** Task objective **
Output, word for word, the line that contains "Très joli drap" and all lines after it in the records below, omitting pictures.

** Source information **
┌──
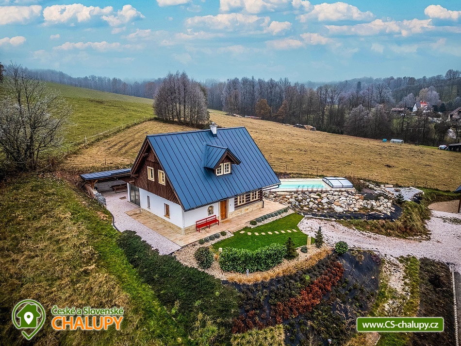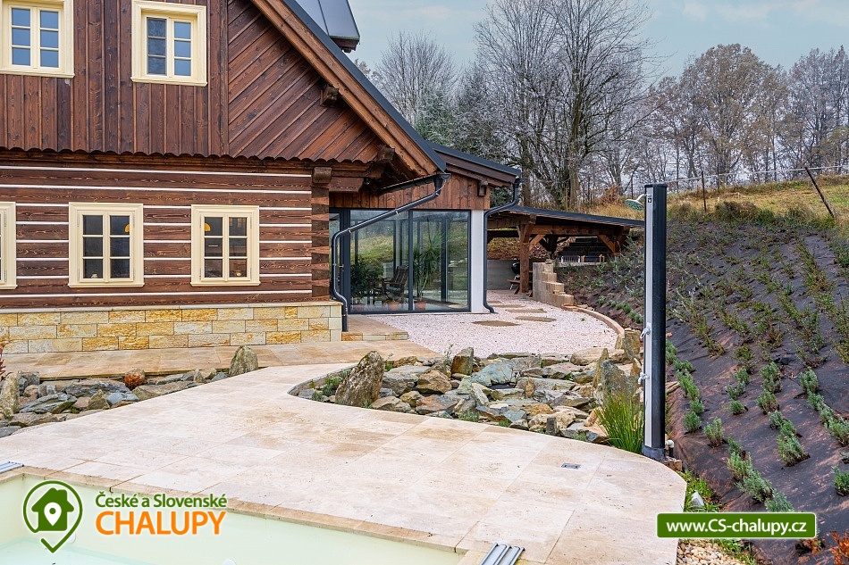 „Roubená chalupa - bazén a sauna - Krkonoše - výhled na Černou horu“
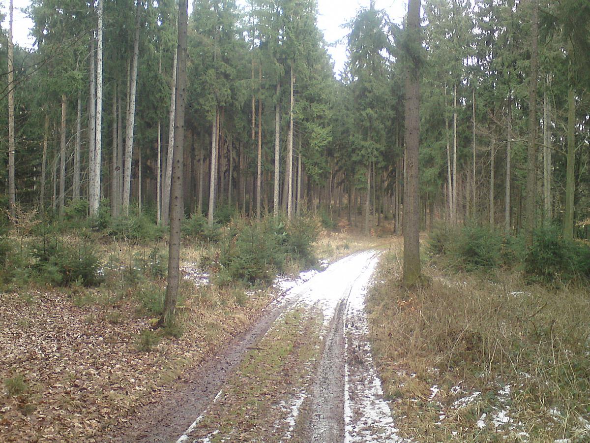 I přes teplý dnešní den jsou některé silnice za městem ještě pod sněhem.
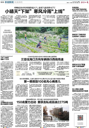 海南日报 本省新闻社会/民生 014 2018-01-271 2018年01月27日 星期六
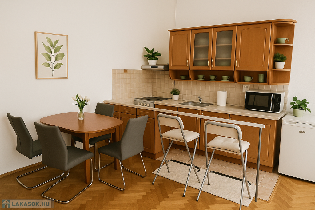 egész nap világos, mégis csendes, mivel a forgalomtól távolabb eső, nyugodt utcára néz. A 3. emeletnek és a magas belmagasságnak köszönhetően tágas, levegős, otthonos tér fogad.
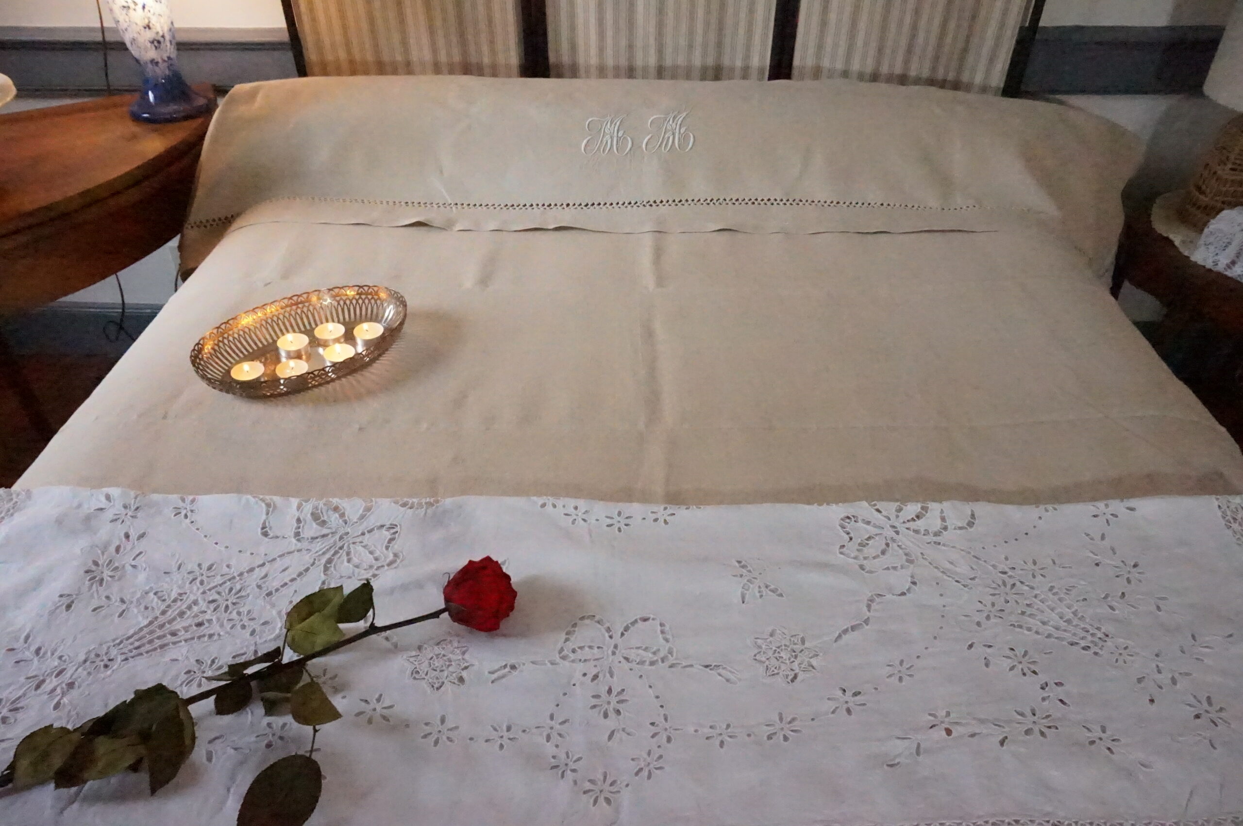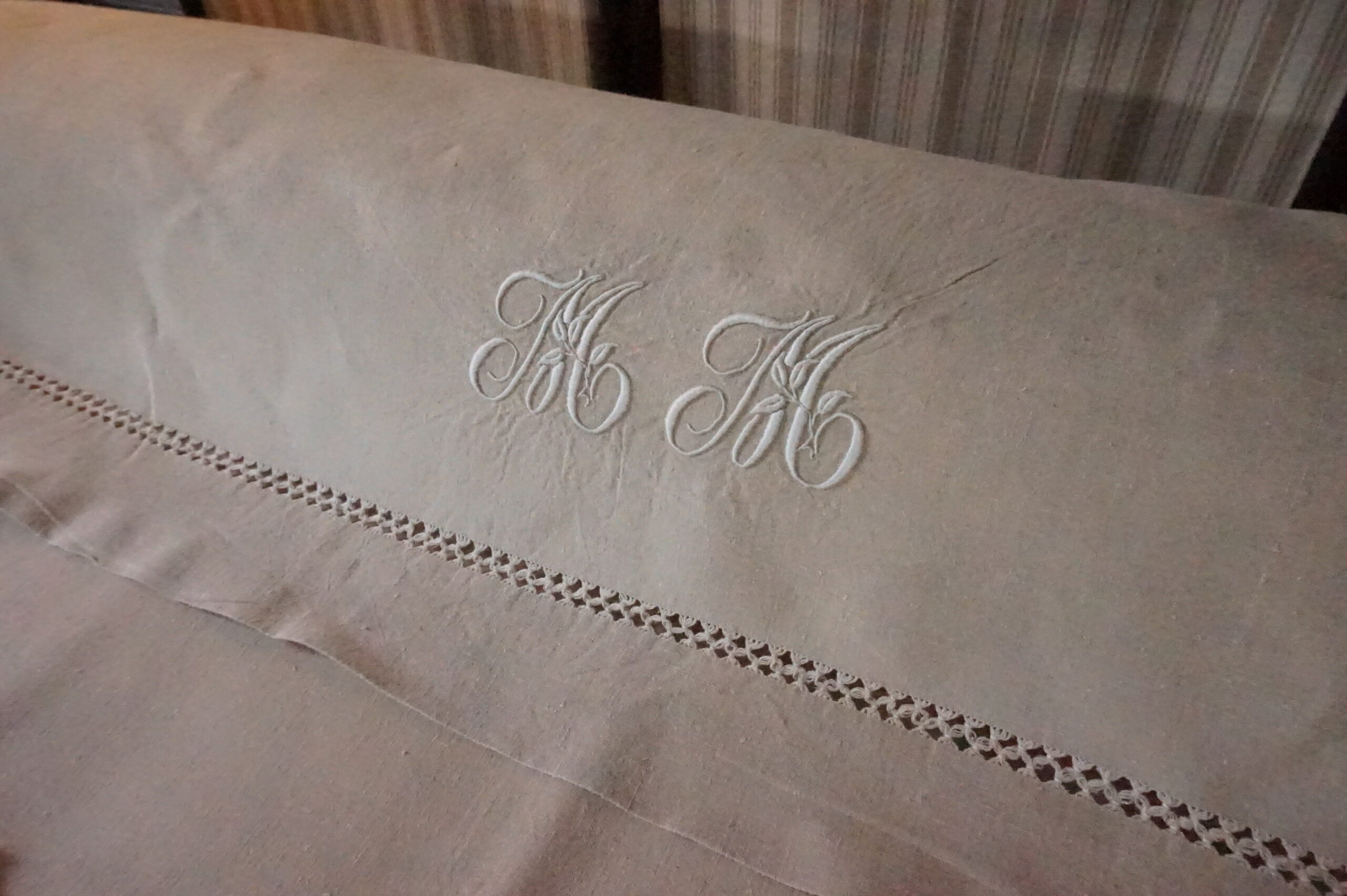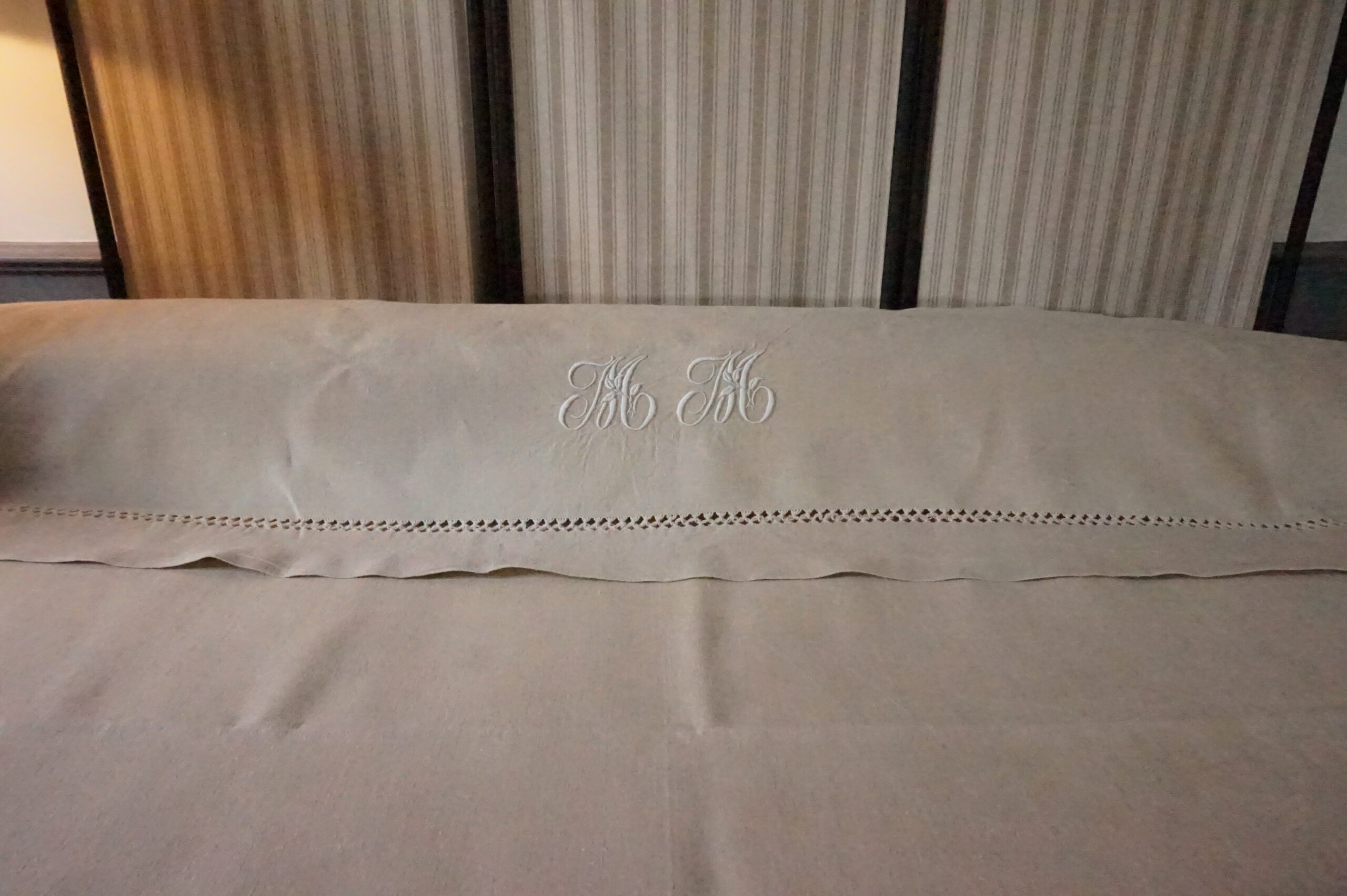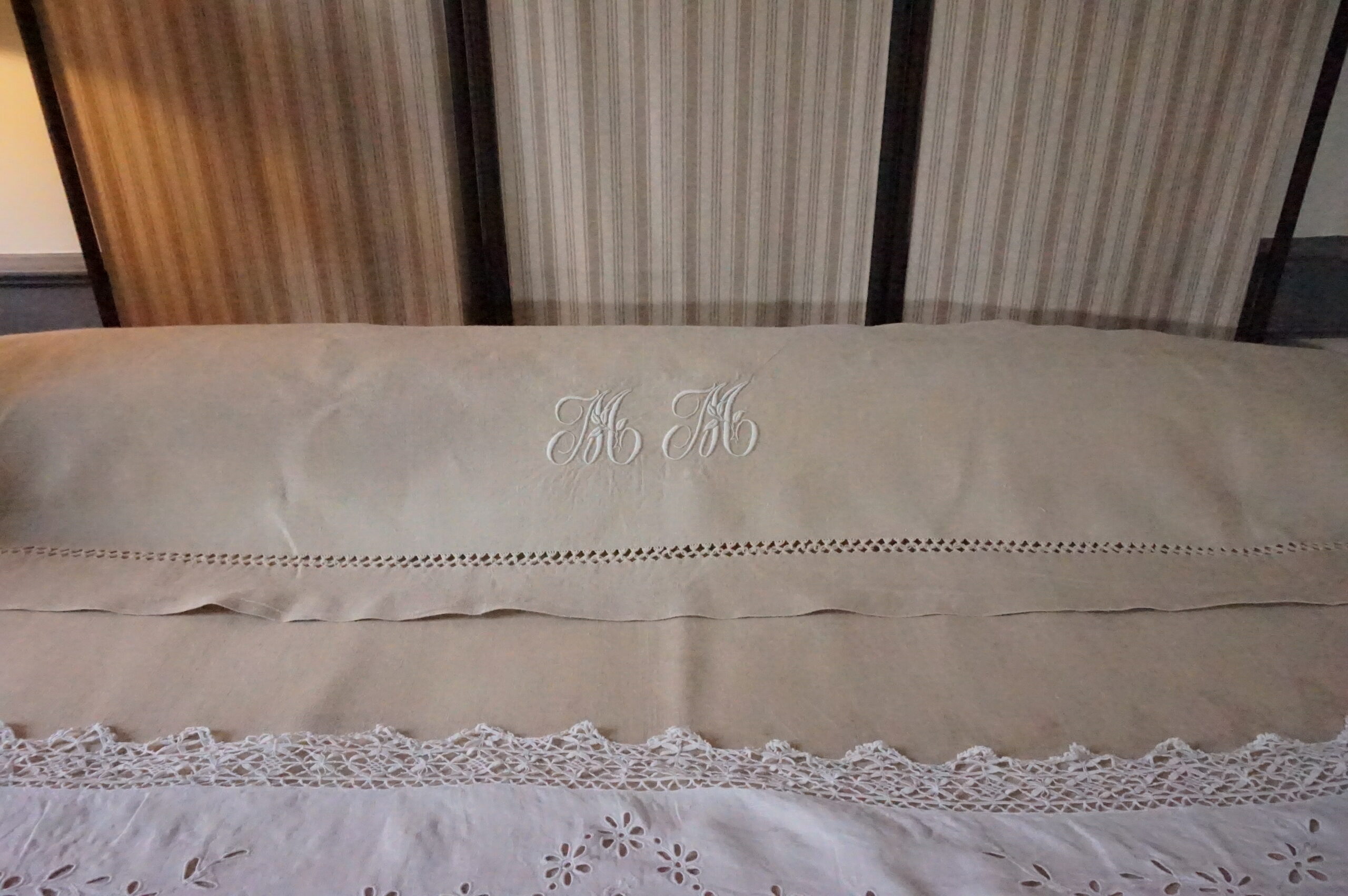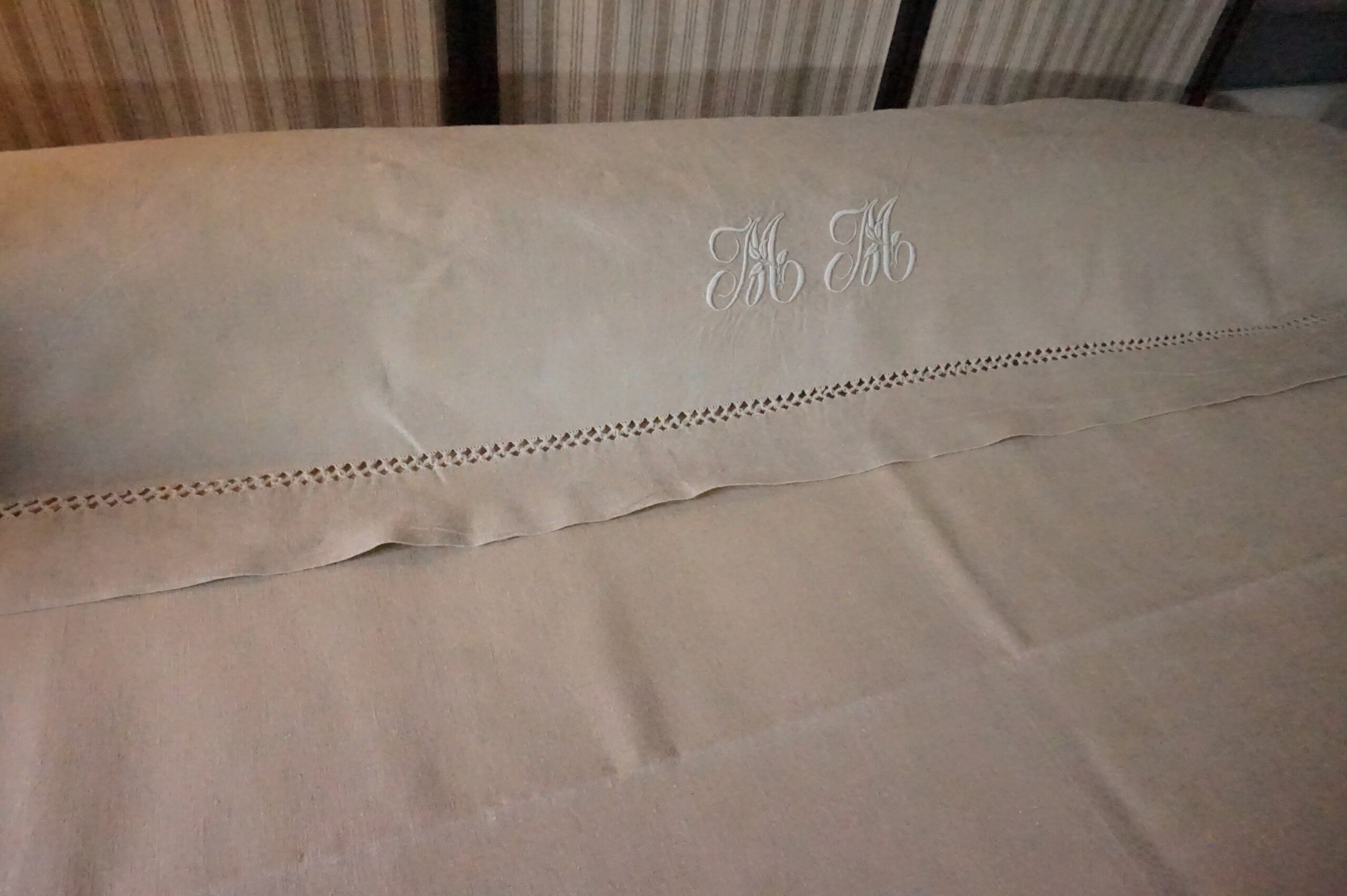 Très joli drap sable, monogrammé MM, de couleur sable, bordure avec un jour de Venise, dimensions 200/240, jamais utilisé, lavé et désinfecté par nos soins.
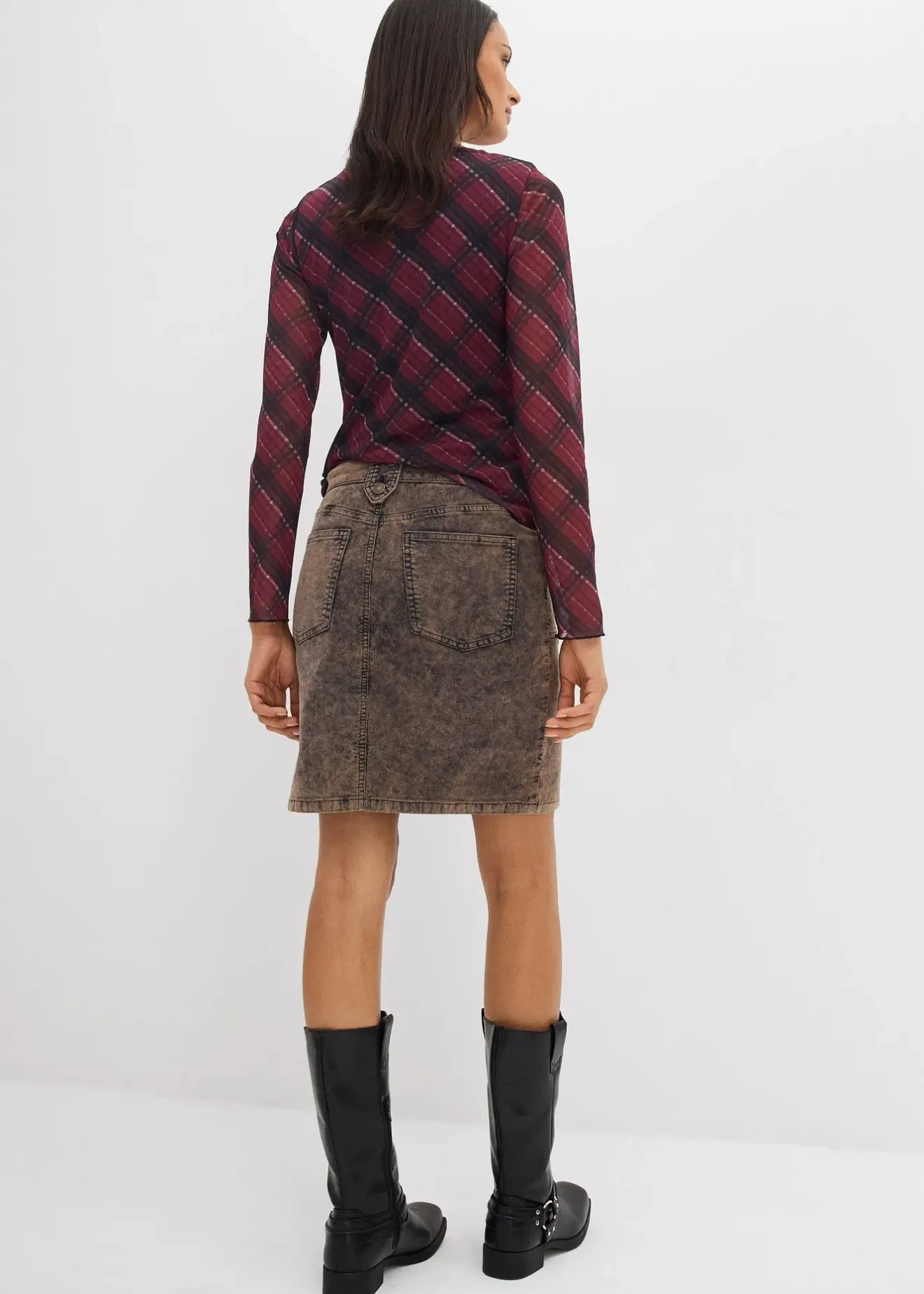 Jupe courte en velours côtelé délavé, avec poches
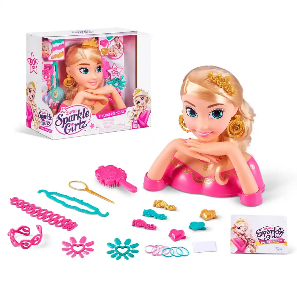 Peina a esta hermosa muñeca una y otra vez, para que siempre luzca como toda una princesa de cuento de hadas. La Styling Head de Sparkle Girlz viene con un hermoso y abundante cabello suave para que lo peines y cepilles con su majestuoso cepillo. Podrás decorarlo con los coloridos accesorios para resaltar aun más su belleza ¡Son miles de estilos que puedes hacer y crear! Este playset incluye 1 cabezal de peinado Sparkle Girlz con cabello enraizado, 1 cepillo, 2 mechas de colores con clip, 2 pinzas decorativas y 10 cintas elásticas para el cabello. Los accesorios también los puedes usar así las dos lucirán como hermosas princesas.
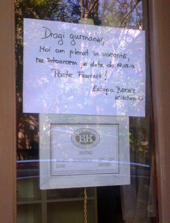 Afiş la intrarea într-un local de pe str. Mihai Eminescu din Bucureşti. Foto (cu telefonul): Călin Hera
└──
** Completed task **
 Très joli drap sable, monogrammé MM, de couleur sable, bordure avec un jour de Venise, dimensions 200/240, jamais utilisé, lavé et désinfecté par nos soins.
 Jupe courte en velours côtelé délavé, avec poches
 Peina a esta hermosa muñeca una y otra vez, para que siempre luzca como toda una princesa de cuento de hadas. La Styling Head de Sparkle Girlz viene con un hermoso y abundante cabello suave para que lo peines y cepilles con su majestuoso cepillo. Podrás decorarlo con los coloridos accesorios para resaltar aun más su belleza ¡Son miles de estilos que puedes hacer y crear! Este playset incluye 1 cabezal de peinado Sparkle Girlz con cabello enraizado, 1 cepillo, 2 mechas de colores con clip, 2 pinzas decorativas y 10 cintas elásticas para el cabello. Los accesorios también los puedes usar así las dos lucirán como hermosas princesas.
 Afiş la intrarea într-un local de pe str. Mihai Eminescu din Bucureşti. Foto (cu telefonul): Călin Hera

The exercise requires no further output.